_WHAT THE EXERCISE ASKS_
Starting at the first line of the records and stopping at the line that contains "7월 30일에는 1차", transcribe every line exactly and leave out the pictures.

_RECORDED DATA_

◇ ◇ ◇

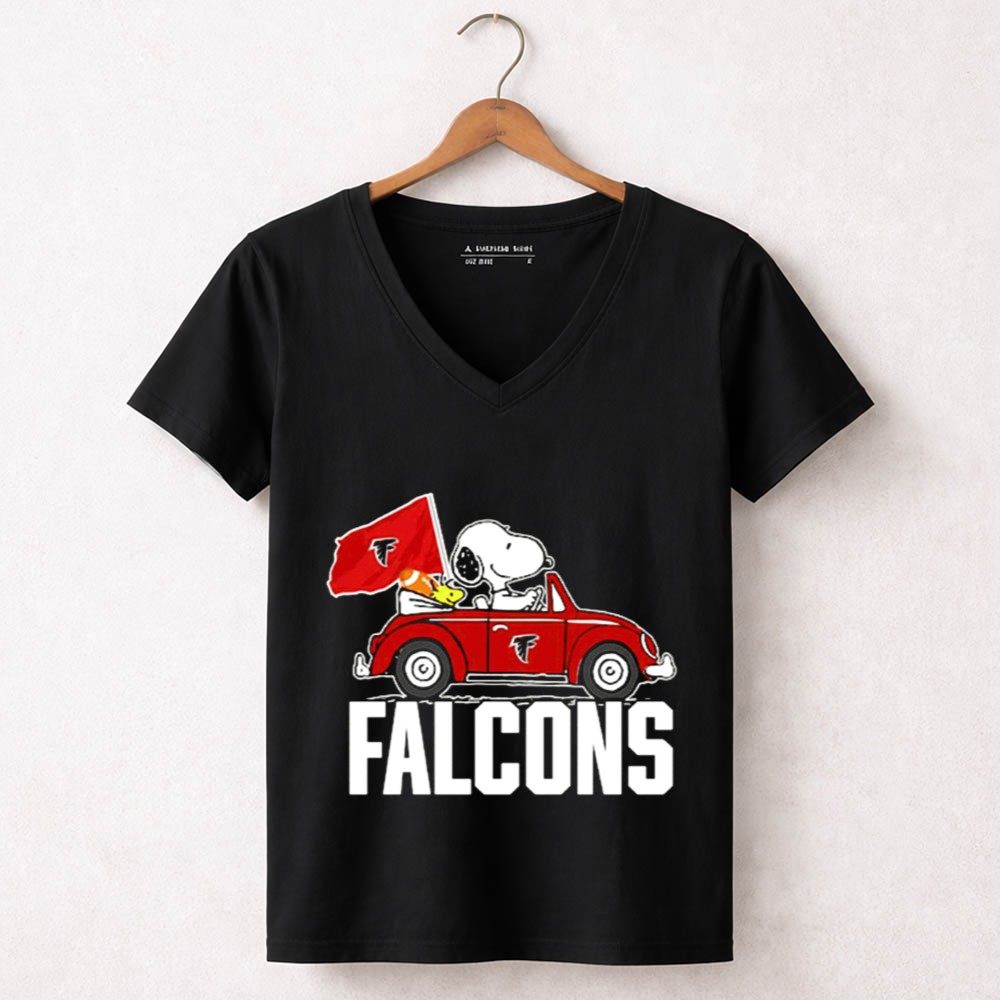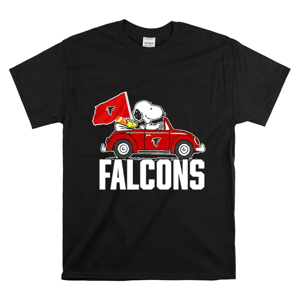 Snoopy Woodstock Driving Car With Atlanta Falcons Flag Shirt
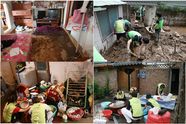 7월 30일에는 1차 긴급지원으로 동두천시 침수피해 가정과 용인시 모현면 산사태 피해지역 가정에 식수, 의류, 생필품 등 1300만원 상당의 긴급구호 물품을 전달하였으며, 인력 90명을 투입하여 침수가구를 청소하고, 도배 봉사를 진행하는 등 수해복구 작업을 진행하였습니다.
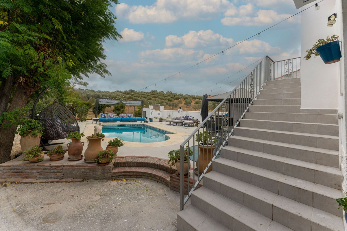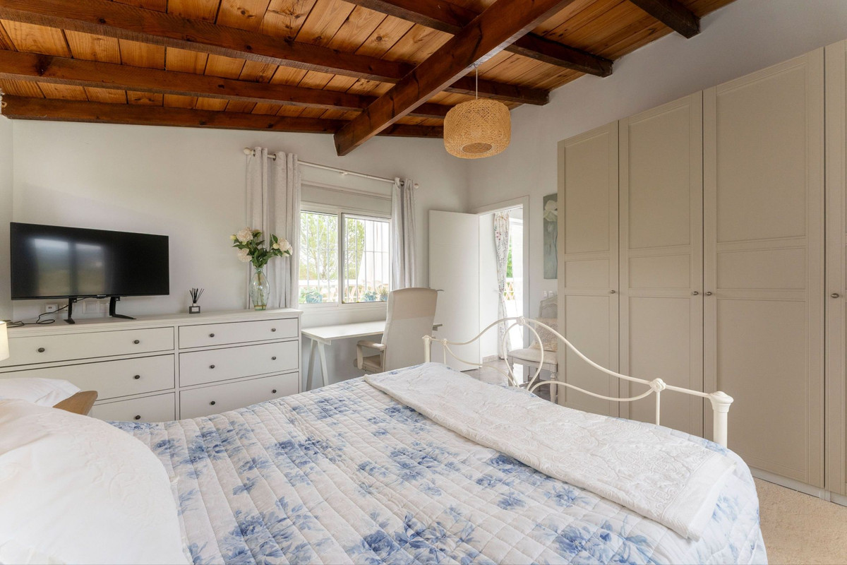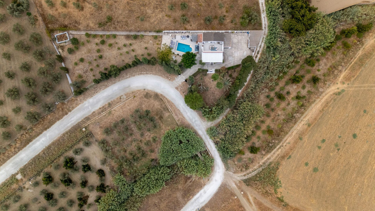 The property sits on a flat plot of just over 4,400m², part of which surrounds the house, while an additional smaller plot is situated across the lane. This separate area is planted with approximately 40 olive trees and 40 orange trees, providing an authentic Andalusian touch. The main plot is fully fenced, ensuring privacy and security.
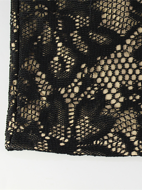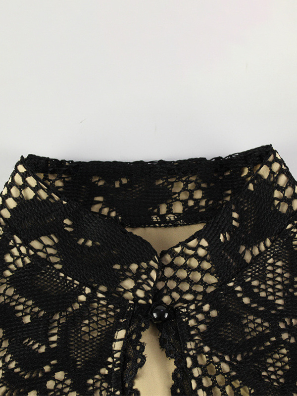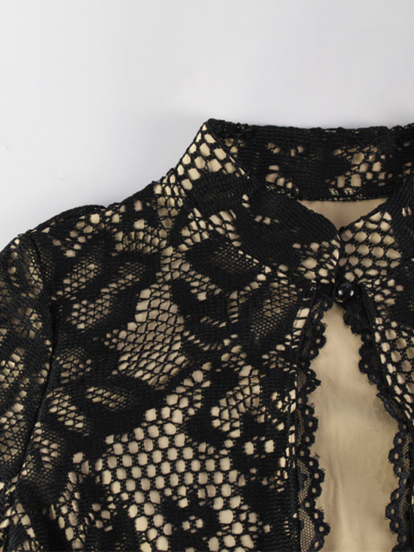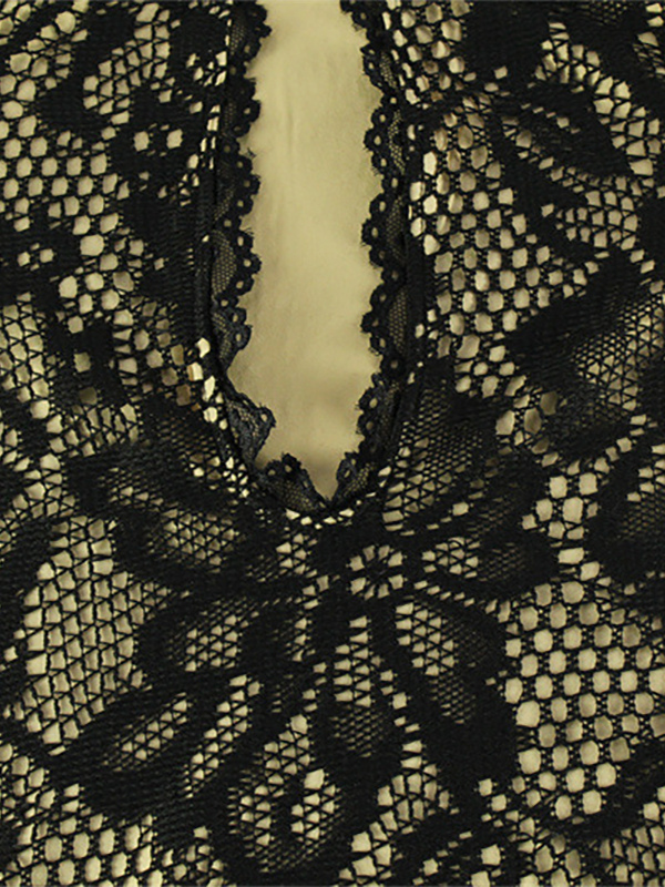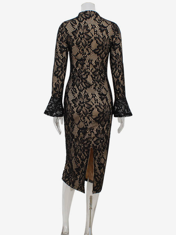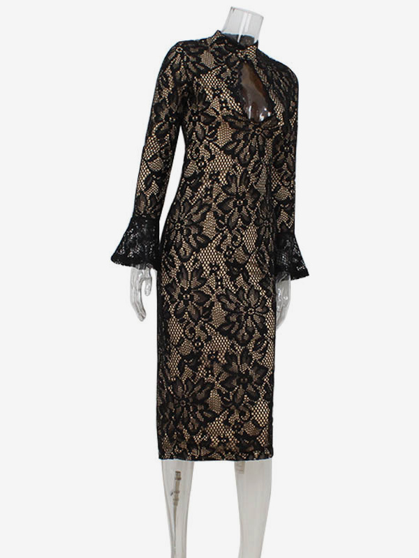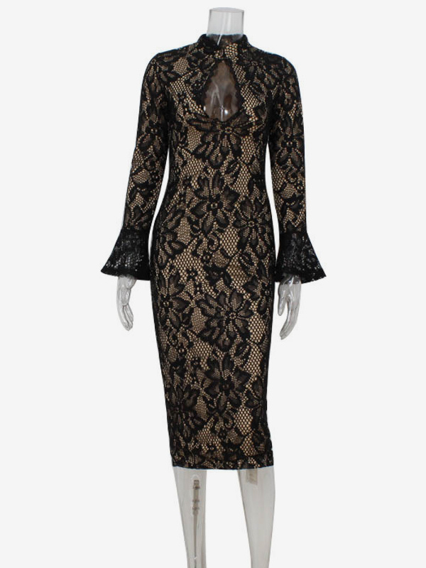 レースボディコンミディドレス(レディース) - ブラック ヴィンテージキーホールベルスリーブバックスリットシースドレス - 2026年春のカクテルパーティー
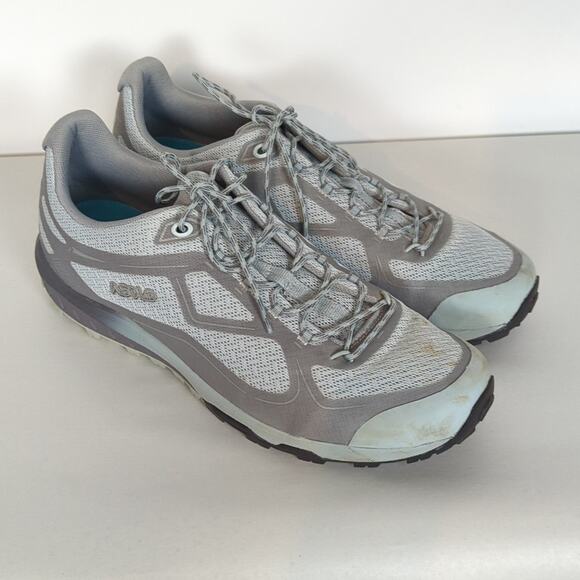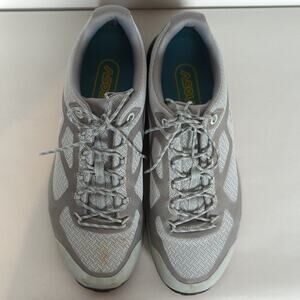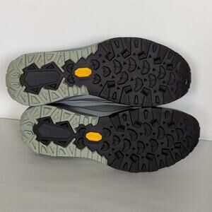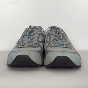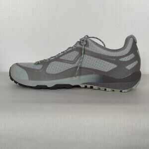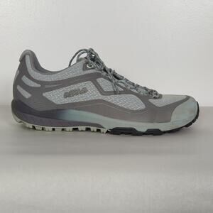 Gray. Breathable upper. Durable toe bumpers. Vibram Megagrip soles. There are some dirt marks on the toes, but these shoes are in otherwise excellent condition.
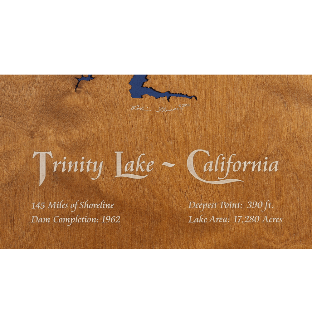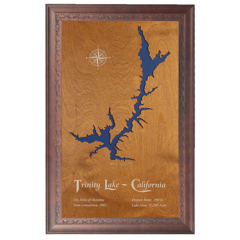 Trinity Lake, California Stained Wood and Dark Walnut Frame Lake Map Silhouette

◇ ◇ ◇

_ANSWER BOX_
 Snoopy Woodstock Driving Car With Atlanta Falcons Flag Shirt
 7월 30일에는 1차 긴급지원으로 동두천시 침수피해 가정과 용인시 모현면 산사태 피해지역 가정에 식수, 의류, 생필품 등 1300만원 상당의 긴급구호 물품을 전달하였으며, 인력 90명을 투입하여 침수가구를 청소하고, 도배 봉사를 진행하는 등 수해복구 작업을 진행하였습니다.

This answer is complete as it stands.